**Data provided:**
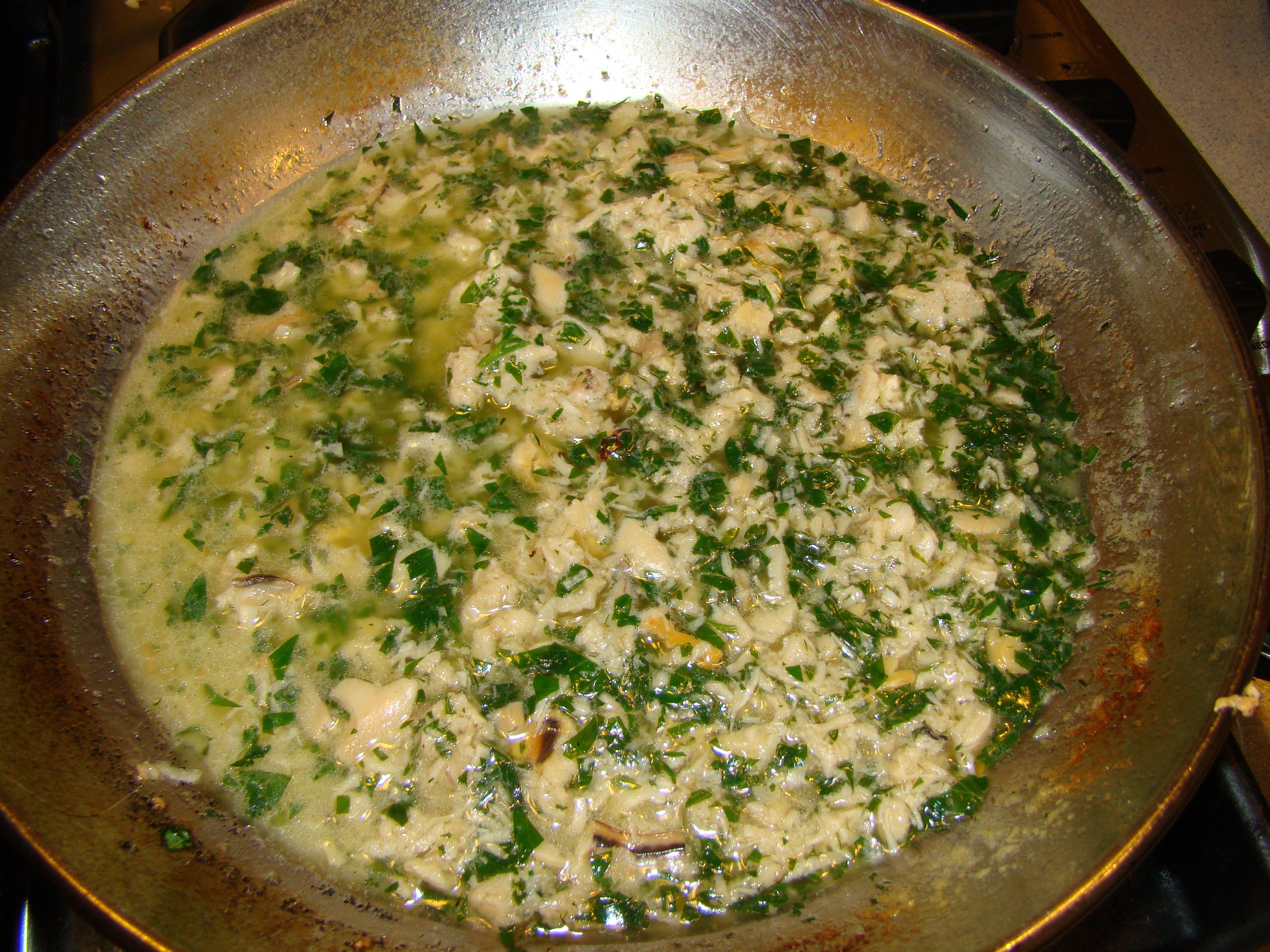 Heat the butter and olive oil over medium heat until the butter melts. Add the minced garlic and sauté until the garlic is golden, but be careful not to burn it. Reduce the heat if you need to. Add the white wine and clam juice. Bring to a boil, reduce the heat, and simmer for 10 minutes. Stir in the parsley and the chopped clams. Simmer for 3 minutes to heat the clams through. Season generously with freshly ground pepper.
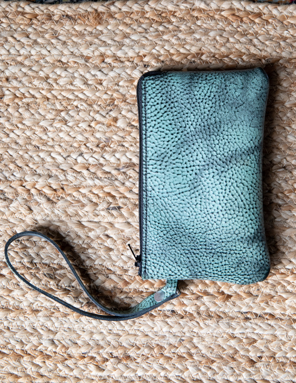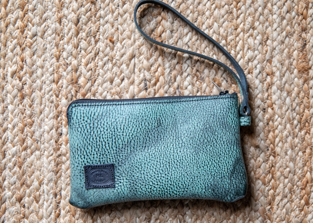 Harvey Leather Handmade Turqoise Leather Wristlet
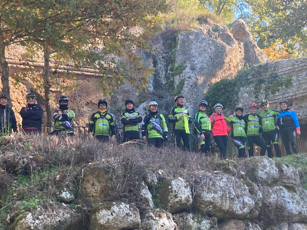 Escursione in MTB alla necropoli etrusca di Norchia, un sito archeologico preistorico, etrusco, romano e medievale nei pressi di Vetralla nella Tuscia viterbese.

**Your goal:** The answer is the full listing above, repeated exactly, with its pictures removed.

**Written answer:**
 Heat the butter and olive oil over medium heat until the butter melts. Add the minced garlic and sauté until the garlic is golden, but be careful not to burn it. Reduce the heat if you need to. Add the white wine and clam juice. Bring to a boil, reduce the heat, and simmer for 10 minutes. Stir in the parsley and the chopped clams. Simmer for 3 minutes to heat the clams through. Season generously with freshly ground pepper.
 Harvey Leather Handmade Turqoise Leather Wristlet
 Escursione in MTB alla necropoli etrusca di Norchia, un sito archeologico preistorico, etrusco, romano e medievale nei pressi di Vetralla nella Tuscia viterbese.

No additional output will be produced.